— Problem requirements —
The answer must consist solely of the lines below starting at the one containing "แหวน มรกต 7.81 ct vivid green MUZO Minor GRS" and ending at the one containing "Small but mighty.", repeated exactly, with both ends included and all pictures omitted.

[Input material Boundary: Start]

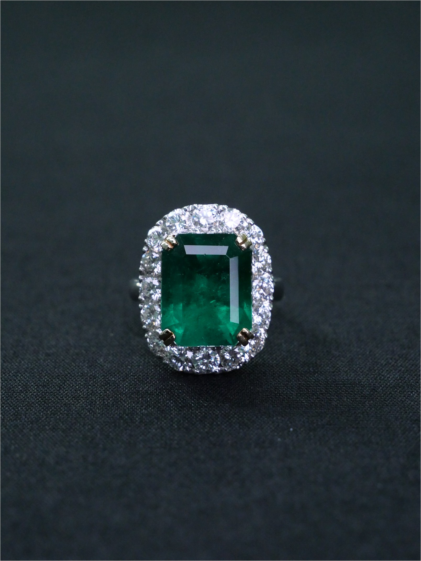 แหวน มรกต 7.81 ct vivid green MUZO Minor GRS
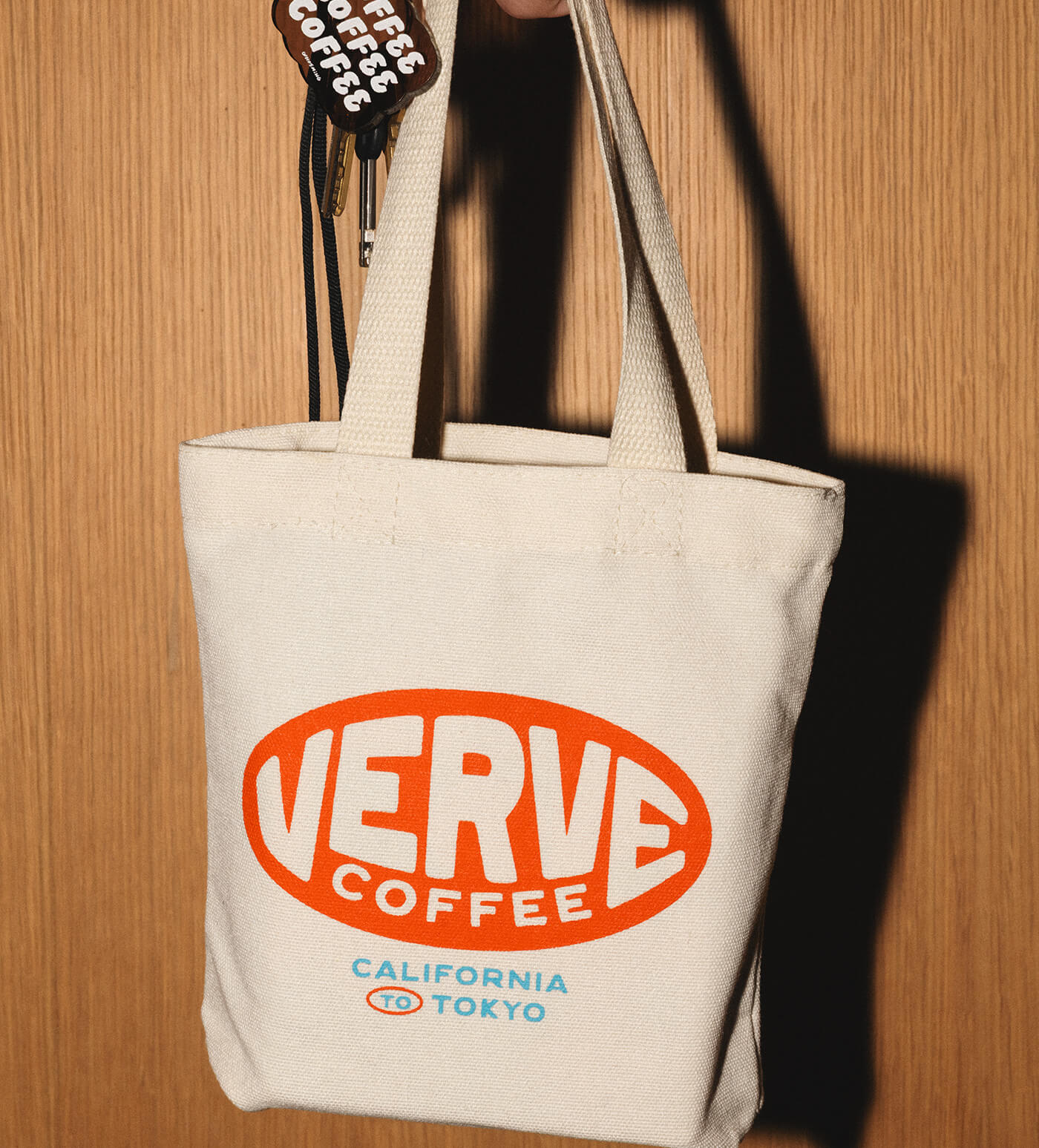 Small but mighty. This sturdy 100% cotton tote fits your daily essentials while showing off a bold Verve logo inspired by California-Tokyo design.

[Input material Boundary: End]
[Input material Boundary: Start]

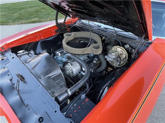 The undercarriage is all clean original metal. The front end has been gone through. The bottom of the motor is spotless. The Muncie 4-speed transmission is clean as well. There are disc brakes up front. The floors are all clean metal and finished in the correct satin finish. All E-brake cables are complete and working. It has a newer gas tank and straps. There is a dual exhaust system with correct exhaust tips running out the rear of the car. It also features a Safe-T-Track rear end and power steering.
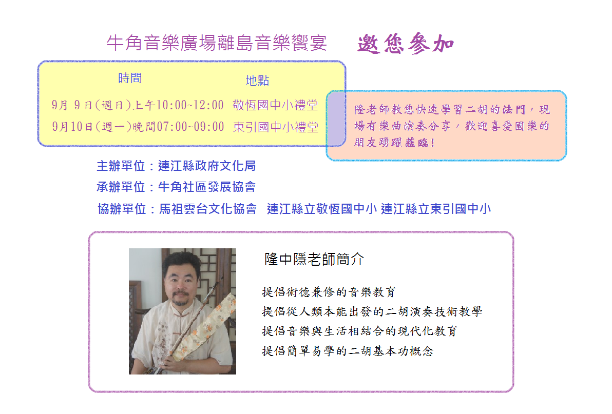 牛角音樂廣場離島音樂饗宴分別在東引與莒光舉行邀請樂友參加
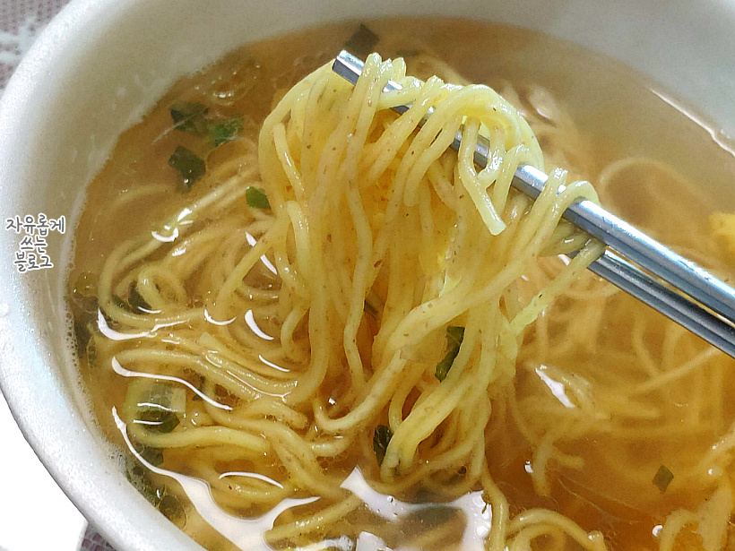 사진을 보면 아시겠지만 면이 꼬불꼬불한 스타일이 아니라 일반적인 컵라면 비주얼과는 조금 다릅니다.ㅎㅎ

[Input material Boundary: End]

— Result for this exercise —
 แหวน มรกต 7.81 ct vivid green MUZO Minor GRS
 Small but mighty. This sturdy 100% cotton tote fits your daily essentials while showing off a bold Verve logo inspired by California-Tokyo design.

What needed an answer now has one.